- Data
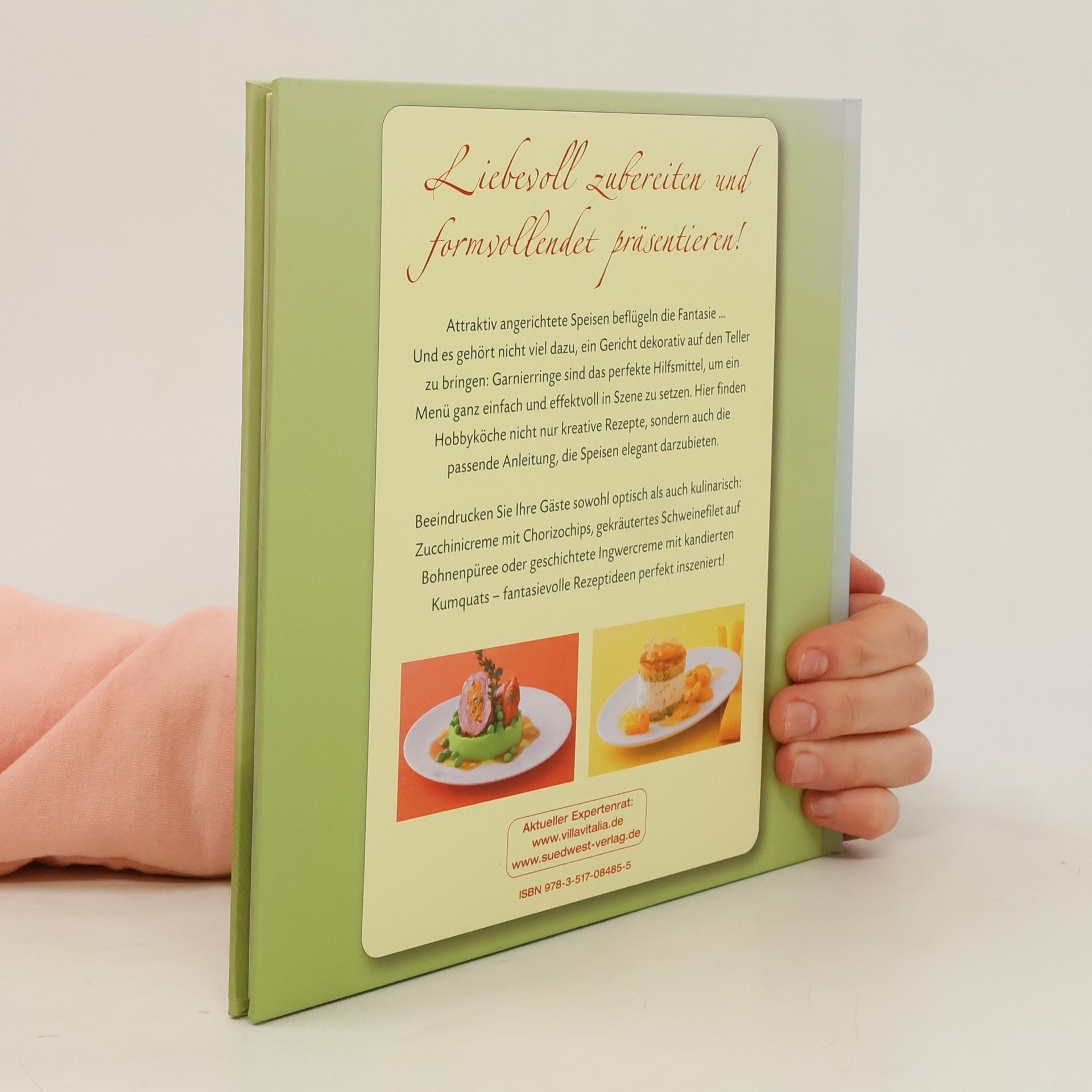 Das perfekte Set für ein perfekt angerichtetes Dinner Ein attraktiv angerichtetes Gericht regt den Appetit an, denn das Auge isst bekanntlich mit. Stilvolle Arrangements lassen sich mit den einfachsten Zutaten zaubern. Bei Sterneköchen hat das eindrucksvolle Anrichten mit Hilfe von Servierringen aus Edelstahl lange Tradition. Aber auch Hobbyköche suchen nach kreativen Ideen, um Speisen elegant darzubieten. Vorspeisen, Hauptgänge und Desserts werden formvollendet auf dem Teller angerichtet und beeindrucken die Gäste. Das einzigartige Set enthält ein aufwendig gestaltetes Kochbuch mit zahlreichen Farbfotos sowie vier hochwertige Edelstahlringe – damit alle Gerichte perfekt inszeniert werden können! Lassen Sie sich von den Profis inspirieren und lernen Sie Schritt für Schritt, Speisen stilvoll anzurichten!
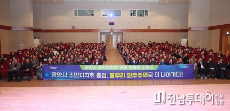 전남투데이 조평훈 기자 | 광양시는 지난 12일 광양커뮤니티센터 다목적홀에서 광양시 주민자치회 위원 위촉식을 개최하고, 주민이 직접 지역 문제를 논의하고 해결하는 풀뿌리 민주주의 실현을 위한 첫걸음을 내디뎠다.
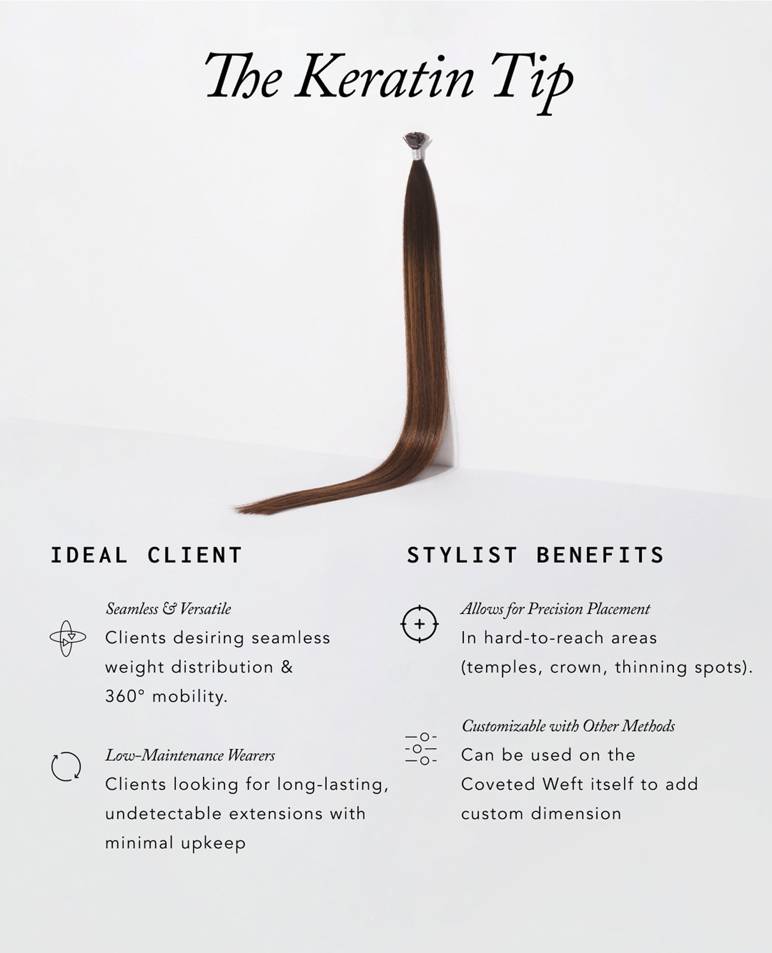 Because every client has different needs, The Keratin Tip works perfectly with The Coveted Weft and Cut-Point Weft for added volume & versatility.
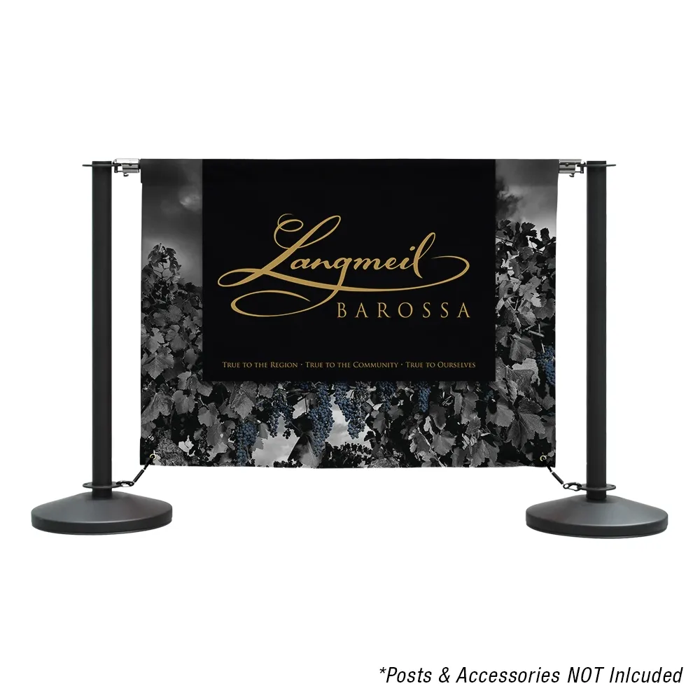 The cafe printed banner, like many breeze banners, is made from hard-wearing woven nylon that is suitable for both indoor and outdoor use. There are metal grommets in the bottom that allow spring clips to connect to the bottom of barrier posts. This allows the fabric to move with breezes without being blown upwards. A channel sewn into the top is designed for stainless steel rods with our barrier posts to be threaded through to hang the fabric down. Order today for fast shipping to anywhere in Australia, only from Slimline Warehouse!
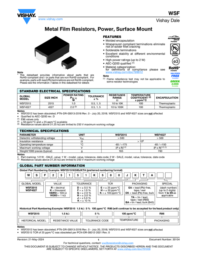 WSF Metal Film Resistors, Power, Surface Mount

- Task objective
Reproduce, with the pictures omitted, exactly those lines that run from the line with "전남투데이 조평훈 기자" to the last line of the material, both ends included.

- Solution below
 전남투데이 조평훈 기자 | 광양시는 지난 12일 광양커뮤니티센터 다목적홀에서 광양시 주민자치회 위원 위촉식을 개최하고, 주민이 직접 지역 문제를 논의하고 해결하는 풀뿌리 민주주의 실현을 위한 첫걸음을 내디뎠다.
 Because every client has different needs, The Keratin Tip works perfectly with The Coveted Weft and Cut-Point Weft for added volume & versatility.
 The cafe printed banner, like many breeze banners, is made from hard-wearing woven nylon that is suitable for both indoor and outdoor use. There are metal grommets in the bottom that allow spring clips to connect to the bottom of barrier posts. This allows the fabric to move with breezes without being blown upwards. A channel sewn into the top is designed for stainless steel rods with our barrier posts to be threaded through to hang the fabric down. Order today for fast shipping to anywhere in Australia, only from Slimline Warehouse!
 WSF Metal Film Resistors, Power, Surface Mount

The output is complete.